It’s Been a While…
Have you ever fallen so completely behind with things that it makes you feel like you should just throw in the towel entirely? Me too, yay! But we both know that’s not a great idea, especially if it’s something you truly enjoy.
Things have been pretty hectic here (yes, I know I say that every few months, but boy-oh-boy do I mean it this time). From work to household chaos and everything in between, it’s been a constant juggling act - and I’ve felt so guilty about letting this place fall by the wayside for so long.
What you may not know is that I’ve been tinkering and toiling away in the background, looking for ways to return with a fresh start. And somewhere along the way, I realised something: maybe this extended break has been more of a blessing than I thought.
If I’m being honest, I was burning out. The increased workload left me drained, and the little free time I did have was swallowed up by more “work” - and I use that term loosely, because CollectingAsylum has always been more hobby than job. I had just… lost the spark.
The longer I stayed away, the worse it felt. Like I was letting everyone - and myself - down. Reviews sat half-finished for games I no longer felt like playing. Movies piled up that I couldn’t bring myself to watch, because it all started to feel like homework rather than something I loved. And that’s not a dig at those games or films - they just couldn’t compete with the mental fog I was in.
But over the past few weeks, I’ve noticed something shift. The spark has been creeping back in. I’ve missed doing this. I’ve felt the itch to get back into the swing of things - but I didn’t want to fling myself headfirst into another burnout cycle. So I started with the basics: asking myself why I do this, and what I can change to make it better.

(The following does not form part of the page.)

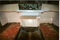 Looking forward between the consoles, the structure is coming together. All the big parts are tabbed in and ready for epoxy and cloth. Take a look at the patch I needed to make for the dashboard. It was originally sawed right thru from the factory to make room for the wiring. No wonder it sagged...
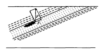 当地层倾斜时(图6-21),浮力将分解成垂直于层面和平行于层面的两个分力。促使单位面积连续油相沿地层上倾方向上浮(运移)的力,等于其浮力沿地层倾斜向上的分力(F1),用公式表示为:

The answer was simple. I do it because I enjoy it. And to keep enjoying it, I need a plan I can stick to - one that’s realistic, this time. I’m notoriously guilty of creating 1,000-step plans, overstuffed schedules, and chasing a standard of “perfect” that doesn’t exist. Perfection? No. High quality? Absolutely. But the real goal this time is consistency.
The time away reminded me what I love about this place and why it matters to me. So here’s my promise to you (and to myself): I will show up regularly here, on social media, and on YouTube - not every day like some unstoppable content machine, but often enough to keep the cogs turning, and keep the fun alive. No more burning out, no more ghosting the things I love. We’re trading perfection for progress, burnout for balance and maybe - just maybe - the occasional dramatic comeback post when life throws me another curveball. Just me, doing what I do best, one post at a time.